[Supplied entries]

========================================================================

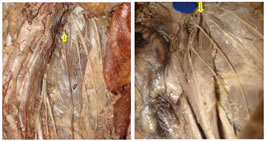 Figure 1 Figure 2 Figure 3 Figure 4 Figure 5 Figure 1: Lateral femoral cutaneous nerve from L1, L2-High form; Figure 2: Lateral femoral cutaneous nerve from L2 – High form; Figure 3: Lateral femoral cutaneous nerve from L3 – Low form; Figure 4: Lateral femoral cutaneous nerve as two branch; Figure 5: Lateral femoral cutaneous never as branch of femoral nerve
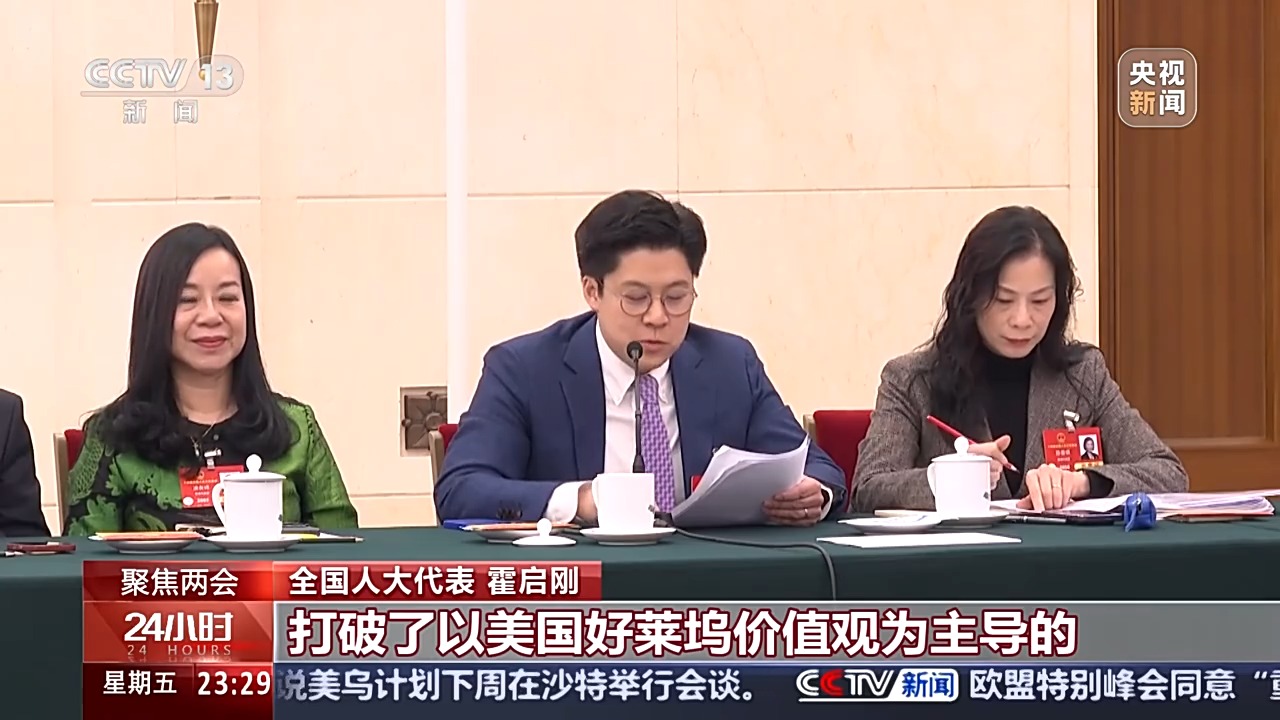 全國人大代表 霍啟剛:最近的《哪吒2》更創(chuàng)下票房歷史,打破了以美國好萊塢價值觀為主導(dǎo)的這種說故事的方式,成功以我們中國的故事和中國的哲學(xué)感染世界的觀眾。我認(rèn)為香港可以更加用文化+的概念跟理念,在文化產(chǎn)業(yè)發(fā)展上作出更多的貢獻(xiàn),更以香港國際橋梁和傳統(tǒng)優(yōu)勢,實現(xiàn)中國文化抱團(tuán)出海等,讓文化事業(yè)和文化產(chǎn)業(yè)得以相輔相成,把香港發(fā)揮成中華文化產(chǎn)業(yè)中的“金融港”和“出口港”。
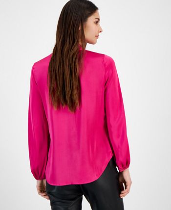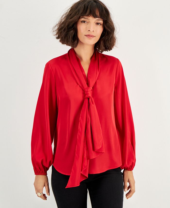 Be boardroom-ready with this blouse by Bar III that is elevated with bow-tie detail, lending a polished edge to a versatile look.
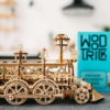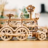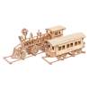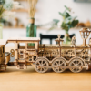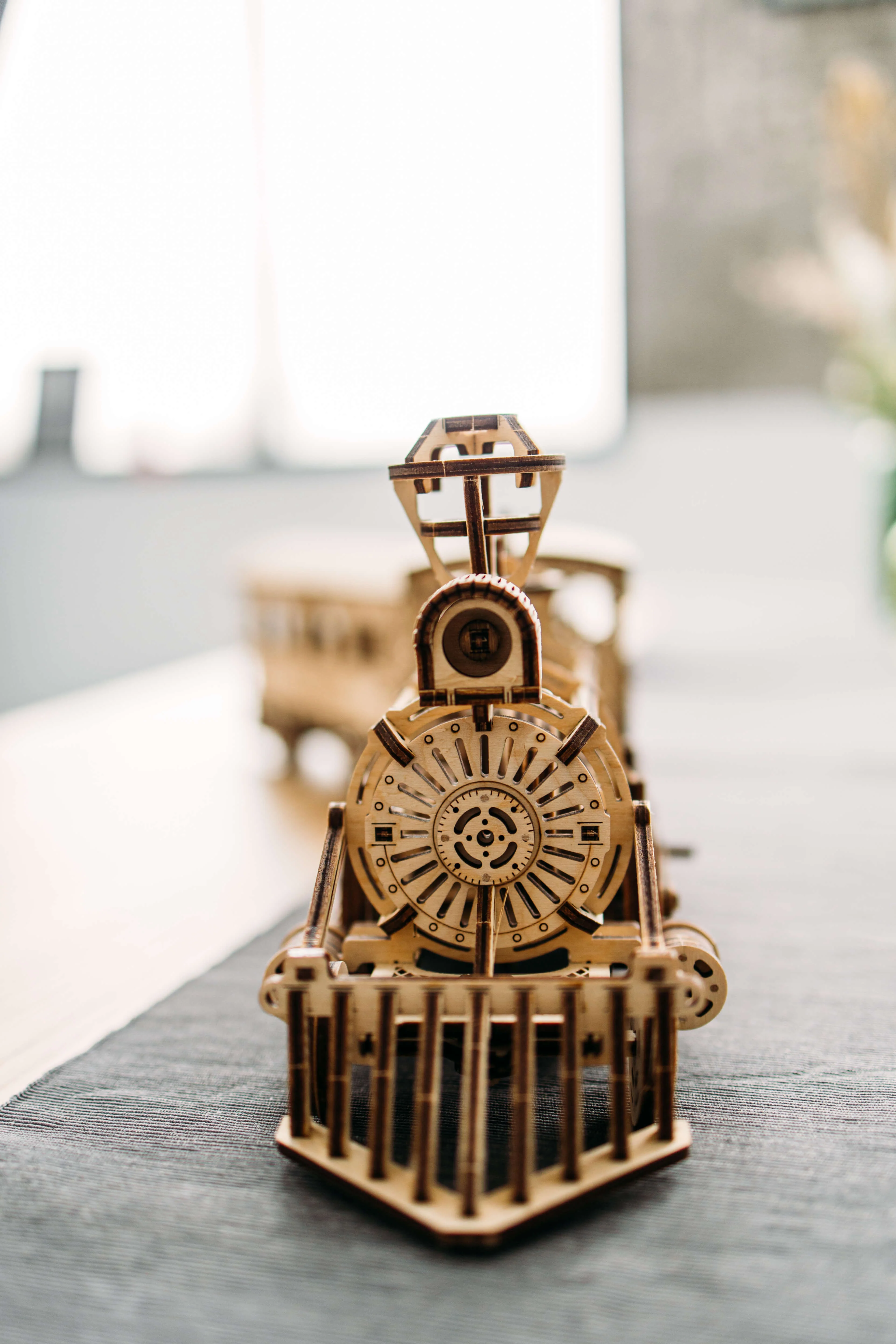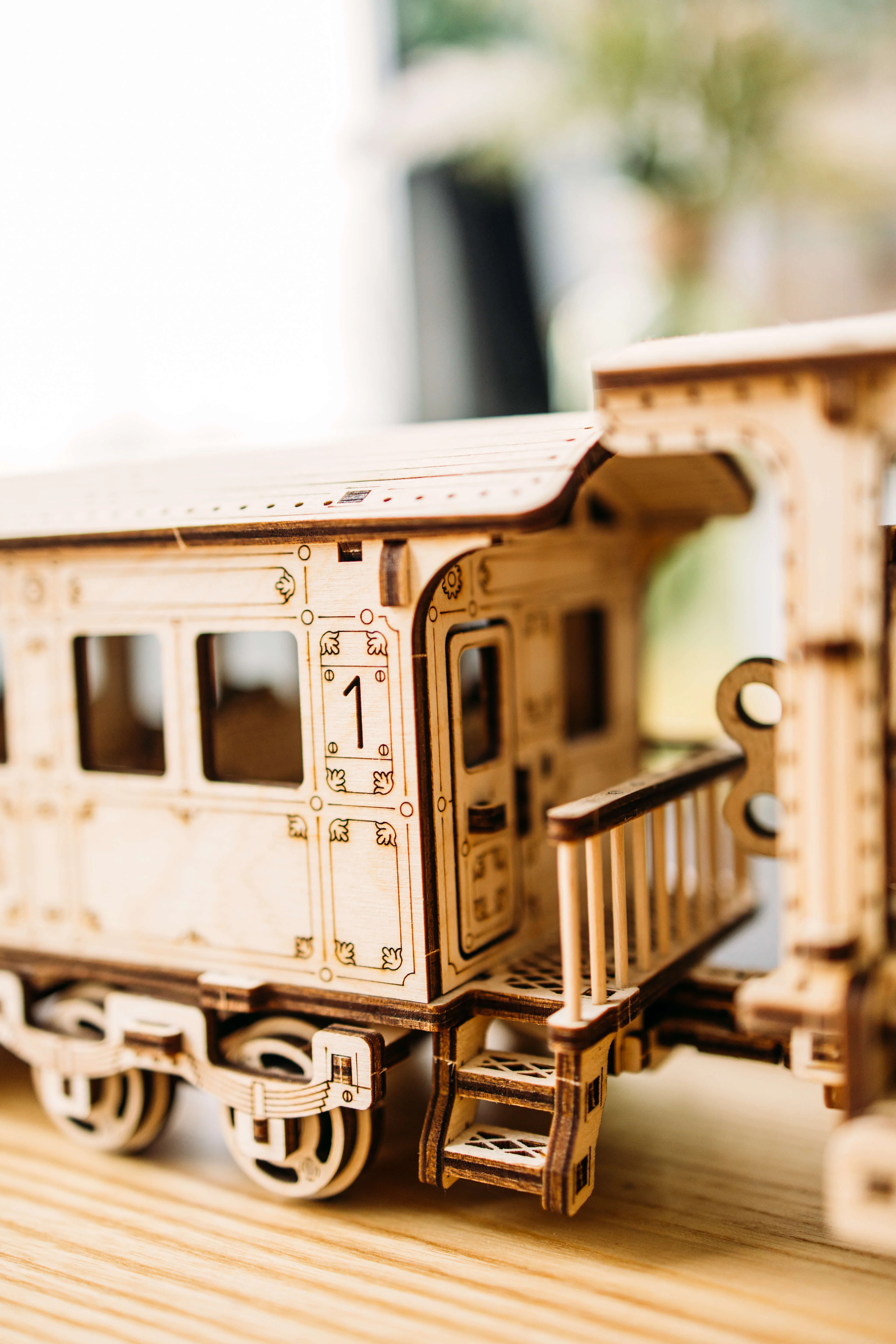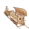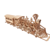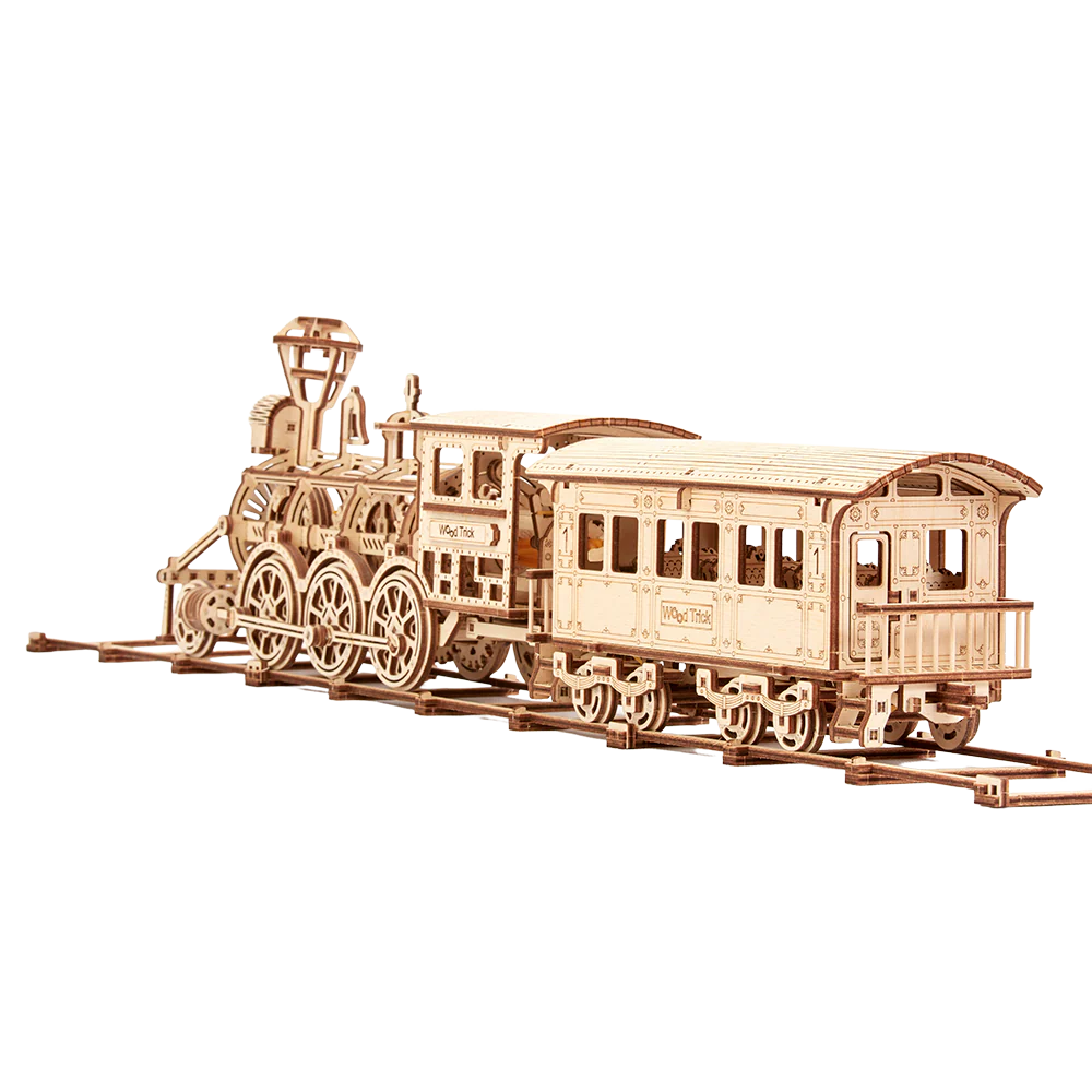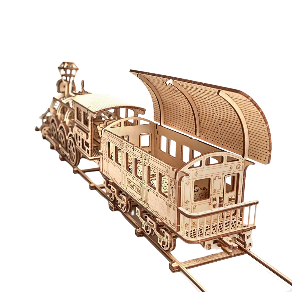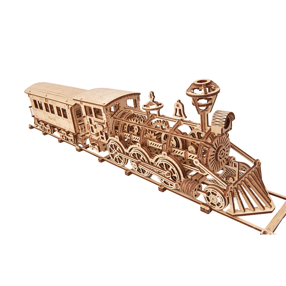 Reisijana ei märka me tihti, kui peensusteni välja projekteeritud on pealtnäha tavaline rong. Auruvedur pole siinkohal erand. Praktilisus ja efektiivsus said peamiste märksõnadena kirja pandud, kui asuti looma kiireimat sisemaa transpordiviisi. Auru jõul töötavast mootorist sai justkui kaheksas maailmaime, kuna kunagi varem polnud leitud vanale heale hobujõule võrdväärset vastast. Inimesed said mugavalt ja kiirelt liikuda ühest riigi otsast teise või enneolematutes kogustes transportida kaupu uutele turgudele. Lokomotiivi robustne väline välimus on vaid fassaadiks sisemisele graatsiale. Avades vaguni katuseluugi, saate oma silmaga näha, missugune luksus oli tollel ajal reisida. Aurust ja jõust võikski jääda rääkima, kuid selle mudeli liikuma panemiseks pole vaja ämbritega kivisütt kokku tarida, sest üles keeratav mehhanism teeb töö ära sinu eest! Mis oleks, kui pakiks kohvrid ja hüppaks vagunisse? Seiklusi täis retk on peagi algamas!
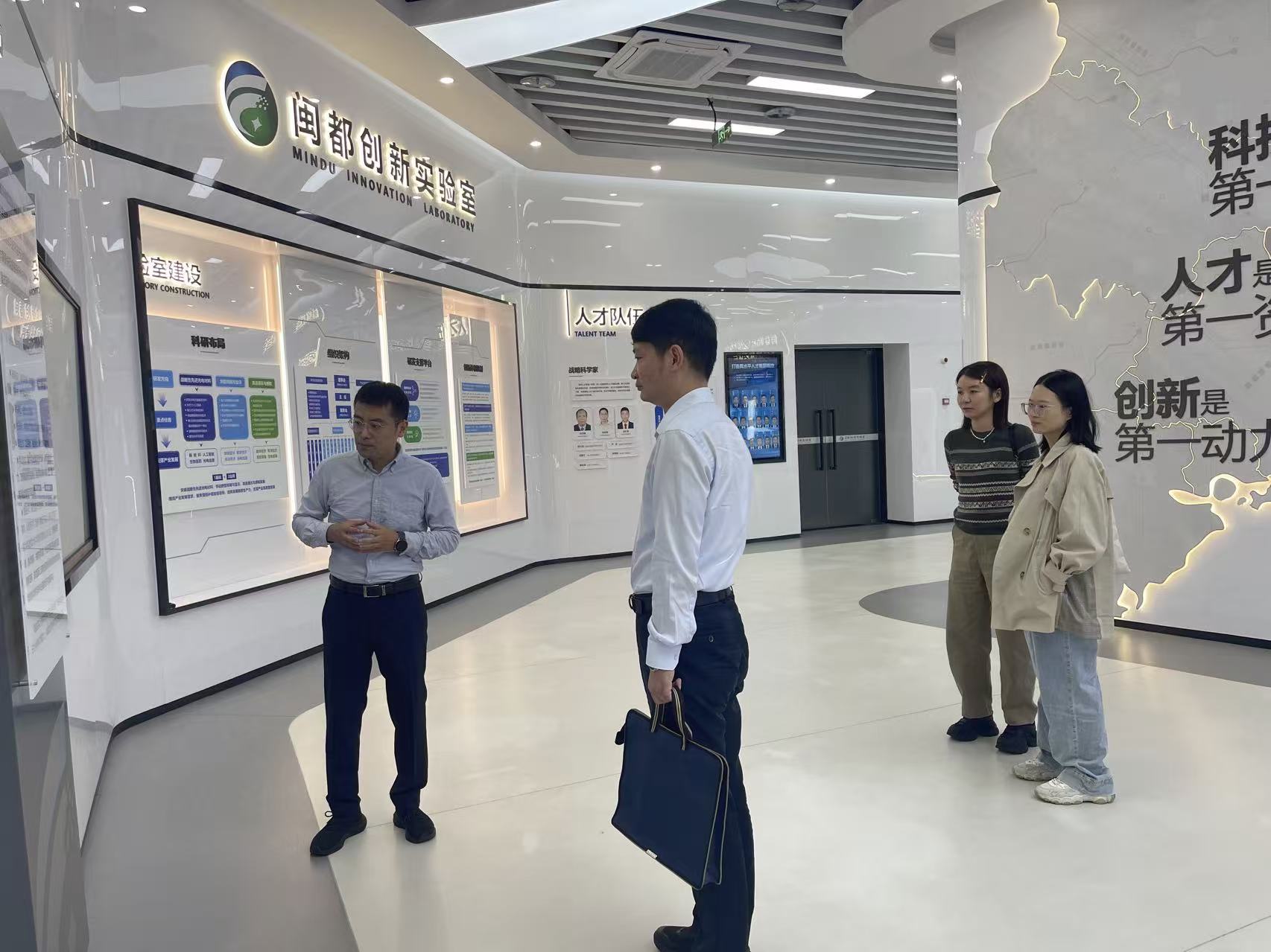 10月22日下午,福建省闽招产业投资基金管理有限公司总经理施丽雄、总经理助理郑秀钗,福州市创业投资有限责任公司副总经理唐静文,到闽都创新实验室调研并座谈交流。实验室副主任郑发鲲,成果转化部、闽都科发公司相关负责人陪同调研。
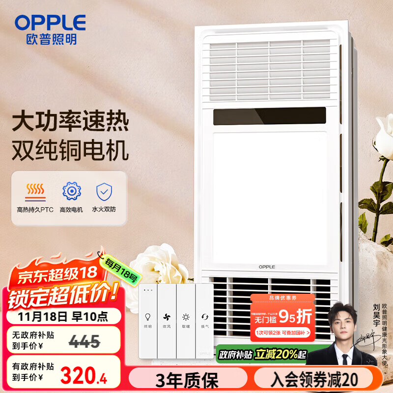欧普(OPPLE)双纯铜电机风暖浴霸灯暖风照明排气一体集成吊顶卫生间浴室F165-E
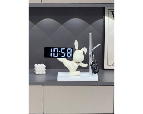 【描銀 時鐘】踢腿兔底座+平安喜樂 (NT1,040)

========================================================================

[Exercise directions] Starting from the first line of the entries above, print each line exactly until the line containing "Be boardroom-ready with" has been printed, and skip the pictures.

[Solution]
 Figure 1 Figure 2 Figure 3 Figure 4 Figure 5 Figure 1: Lateral femoral cutaneous nerve from L1, L2-High form; Figure 2: Lateral femoral cutaneous nerve from L2 – High form; Figure 3: Lateral femoral cutaneous nerve from L3 – Low form; Figure 4: Lateral femoral cutaneous nerve as two branch; Figure 5: Lateral femoral cutaneous never as branch of femoral nerve
 全國人大代表 霍啟剛:最近的《哪吒2》更創(chuàng)下票房歷史,打破了以美國好萊塢價值觀為主導(dǎo)的這種說故事的方式,成功以我們中國的故事和中國的哲學(xué)感染世界的觀眾。我認(rèn)為香港可以更加用文化+的概念跟理念,在文化產(chǎn)業(yè)發(fā)展上作出更多的貢獻(xiàn),更以香港國際橋梁和傳統(tǒng)優(yōu)勢,實現(xiàn)中國文化抱團(tuán)出海等,讓文化事業(yè)和文化產(chǎn)業(yè)得以相輔相成,把香港發(fā)揮成中華文化產(chǎn)業(yè)中的“金融港”和“出口港”。
 Be boardroom-ready with this blouse by Bar III that is elevated with bow-tie detail, lending a polished edge to a versatile look.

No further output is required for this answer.